Marblevator, Wave
One of my first 3D printed designs was “Mechanical Pseudo Sin Wave” (https://youtu.be/S2xk1iAFwcM). Published in 2013, that model utilized a 3D printed chassis, along with 3D printed crank, cams and lifters, to mechanically simulate a sin wave. Combining the principles of that design with my fondness for marble machines resulted in the latest addition to my Marblevator series, “Marblevator, Wave”.
In this model, the cams, lifters and track segments move in a pseudo sin wave motion, carrying a “marble” (ball bearing) from the end of the track to the start in the trough of a "wave". I designed the model to use 8mm ball bearings, but as can be seen in the video with careful adjustment 11mm ball bearing may be used as well (I will publish a track with lower sidewalls better suited for both 8 and 11mm ball bearings soon).

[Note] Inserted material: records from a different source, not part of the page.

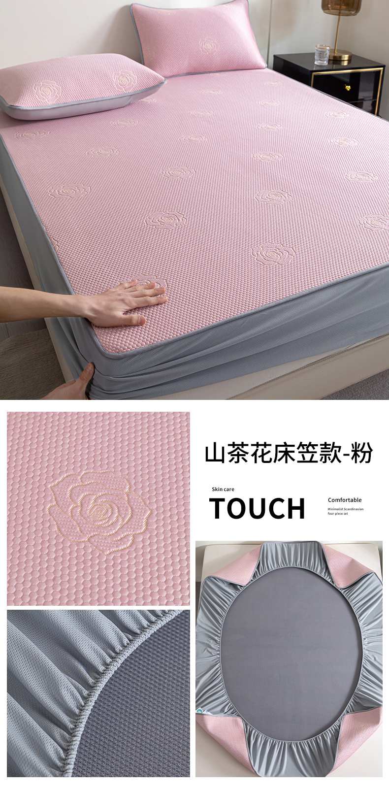 商品名称:2025新款山茶花系列冰豆豆凉席 山茶花床笠款-粉
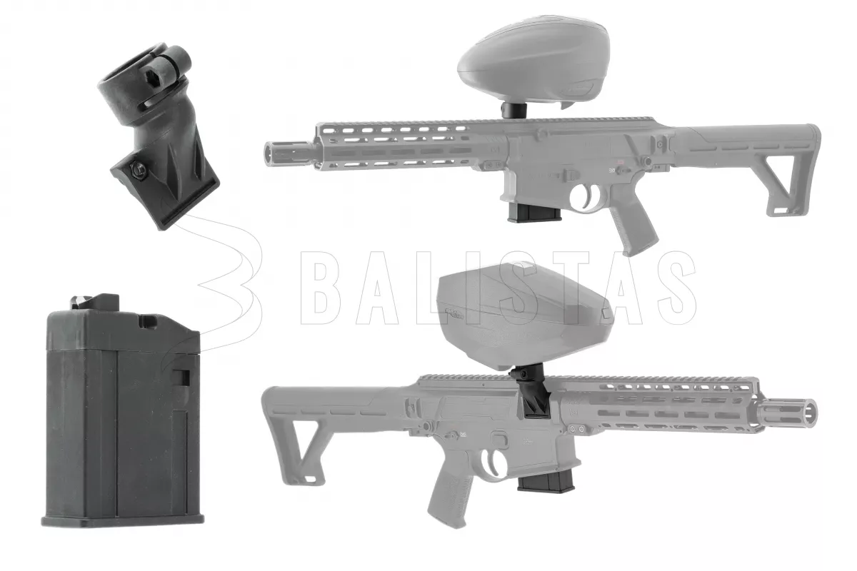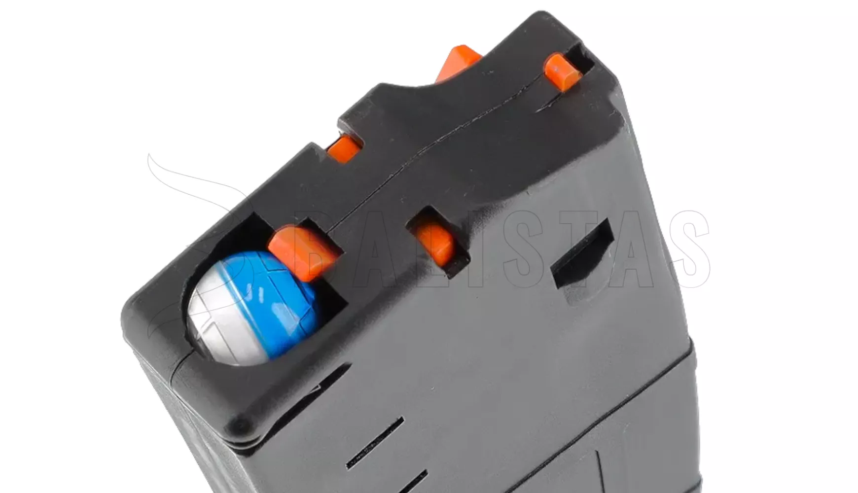 Als Munition kann praktisch jedes Gummi-, Paintball- oder Pfeffergeschoss im Kaliber .68 (17,27 mm) verwendet werden . Das untere 20-Schuss-Magazin ist sogar mit nicht-runden Präzisionsgeschossen kompatibel, um die Genauigkeit zu erhöhen. Wenn Sie Munition mit höherer Kapazität benötigen, kann der mitgelieferte Adapter verwendet werden, um jedes Paintball-Hopper-Magazin zu installieren. Eine "Dummy-Mag"-Magazinbodenkappe ist ebenfalls enthalten.
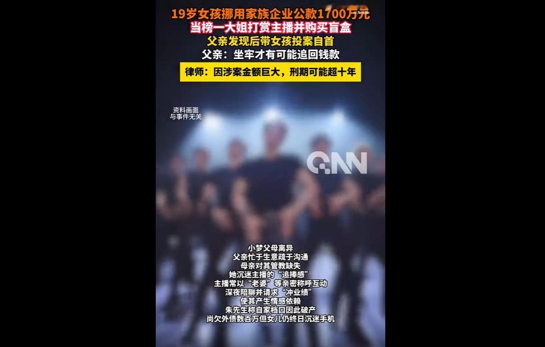 19岁中专辍学女孩,因家庭监管缺位、情感空虚,在16个月内(2024年7月至2025年11月),挪用家族企业1700万公款打赏主播、购买盲盒,单日最高消费57笔、单笔达10万元,直至企业资金链断裂才暴露。
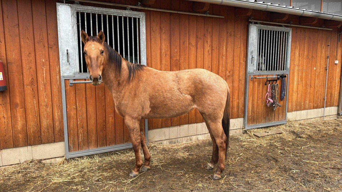 Prodám letos 4 letou klisnu ČT x quarter, kvh 160,zdravá, bez úrazu. Zvyklá 24/7 Z nedostatku času se s ní začíná pracovat až teď, neobsedlá!vhodná pro někoho,kdo si chce koně udělat podle sebe a má zkušenosti. Nevhodná pro děti. Při vážném zájmu dohoda o ceně možná
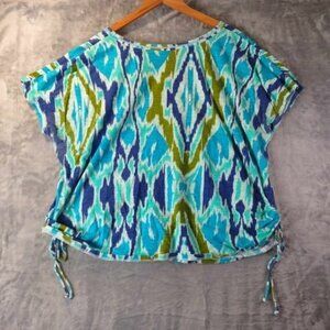 Lane Bryant Ikat Green & Blue Print Cotton Top Drawstring Hem 18/20 100% Cotton
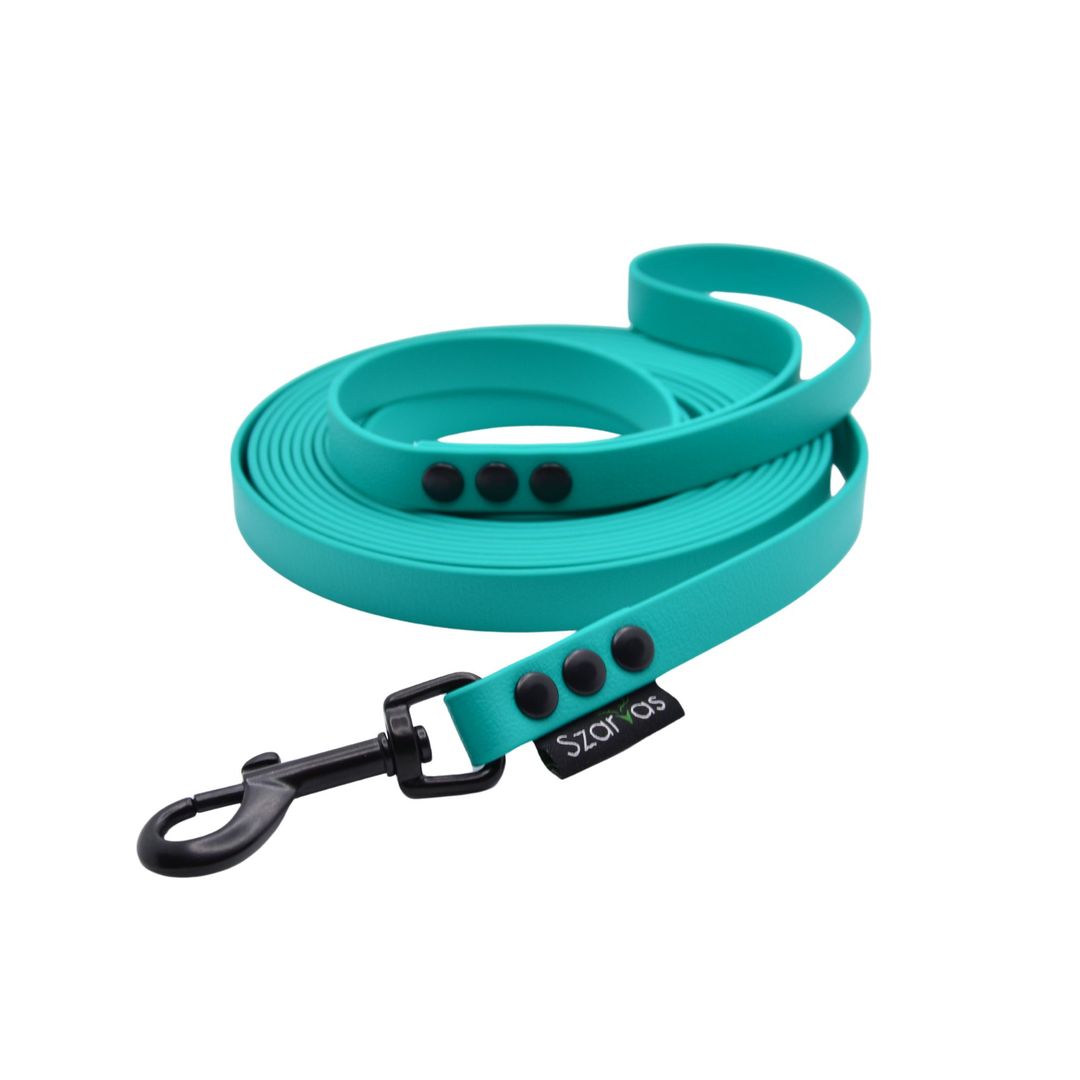Wytrzymała i lekka smycz treningowa dla psa z materiału PCV, w kolorze turkusowym o długości 5 metrów.
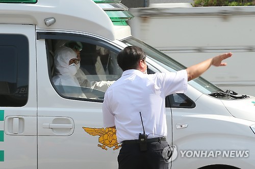 ↑ 지방에서 후송되는 메르스 확진환자 (서울=연합뉴스) 황광모 기자 = 18일 오후 서울 을지로 국립중앙의료원에 중동호흡기증후군(메르스) 환자가 119 구급대 구급차를 통해 이송되고 있다.
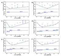 | Fig. 2. Theoretical voltage curves for (a) Li2FeSO, (b) Li2MnSO, (c) Li2FeSeO, (d) Li2MnSeO, (e) Li2FeTeO and (f) Li2MnTeO. | |
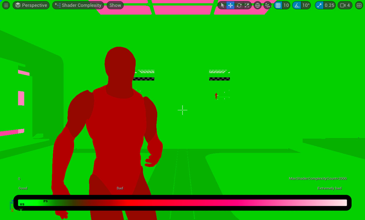 - 콘솔 명령 : viewmode shadercomplexity
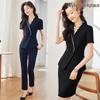 This elegant and professional women's formal business suit set features a chic skirt uniform, perfect for a polished look in the office, reception, or hotel front desk setting. Crafted from high-quality polyester, this suit offers durability and comfort, ensuring you stay stylish and at ease throughout the day. The design embraces a timeless silhouette that enhances confidence and poise, making it an essential addition to any professional wardrobe.
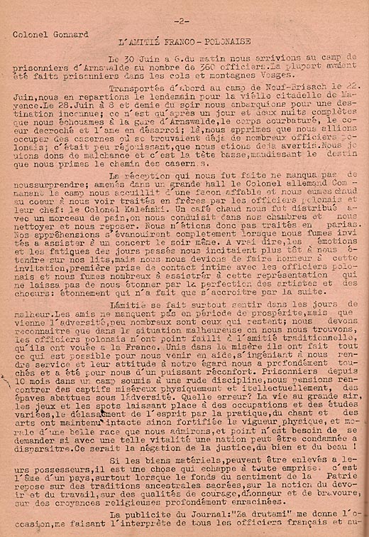 Article by colonel Gonnard, head of the 354 French prisoner officers who arrived in June 1940 at Oflag IIB where they remained until 8 November 1940.
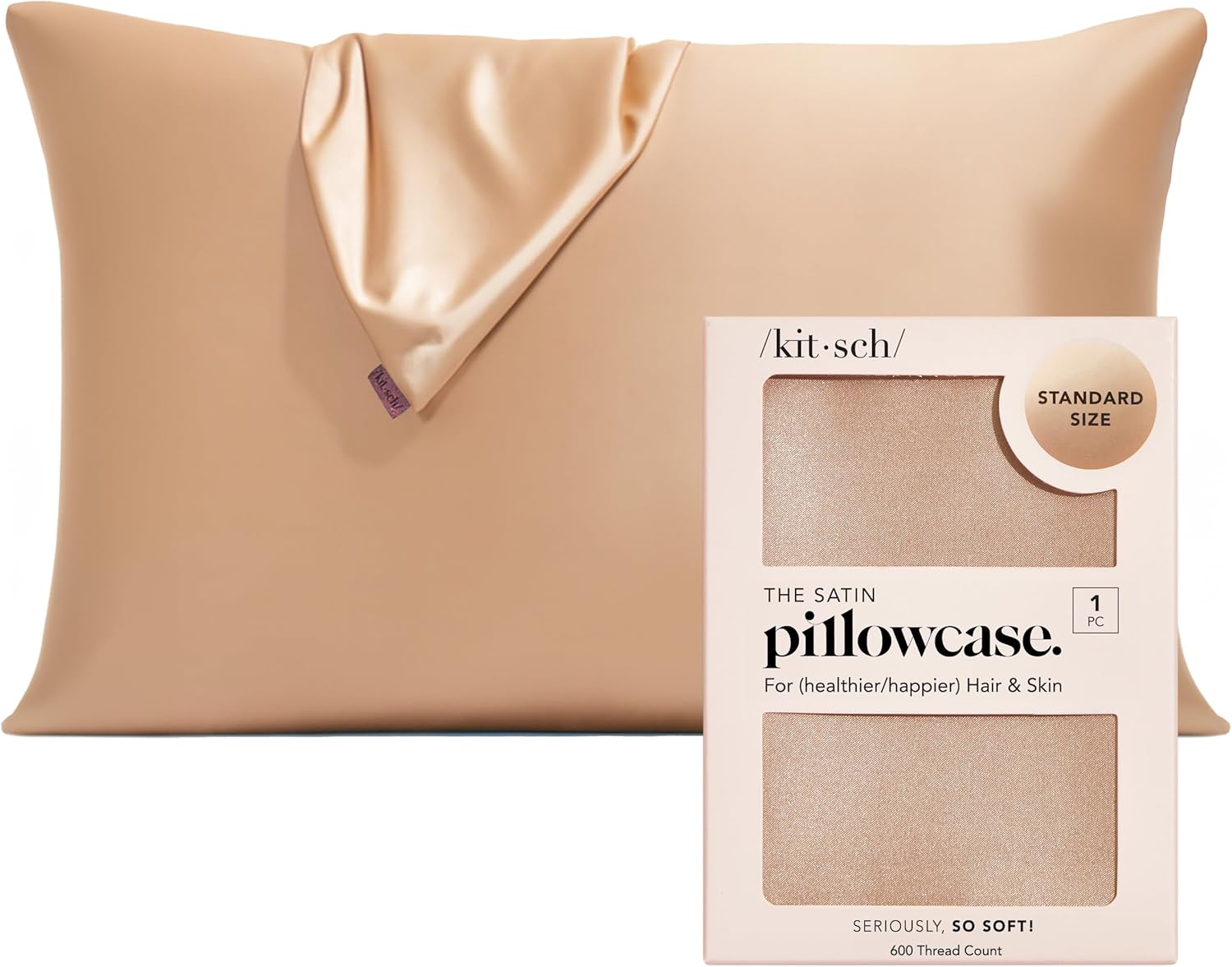 Kitsch Satin Pillowcase with Zipper for Hair & Skin, Softer Than Silk Pillow Cases Queen, Wrinkle-Free, Smooth and Cooling Satin Pillow Covers, Standard Size 19"x26" - Champagne

Designed using Autodesk Fusion 360, sliced using Ultimaker Cura 14.12.1, and 3D printed in PLA on Ultimaker S5s.
Supplies
Solder.
Soldering Iron.
Parts.
I acquired the following parts:
- One N20 style 6VDC 120RPM gear motor.
- One twin AA battery case with wires and switch.
- Two AA Batteries.
- Three 8MM ball bearings.
I 3D printed all parts at .15mm layer height and 20% infill. I 3D printed twelve each of "Cam.stl", "Lifter.stl" and "Track, Segment.stl", four each of "Bolt, Track, Guide, Lifters.stl", and one each of the remaining parts.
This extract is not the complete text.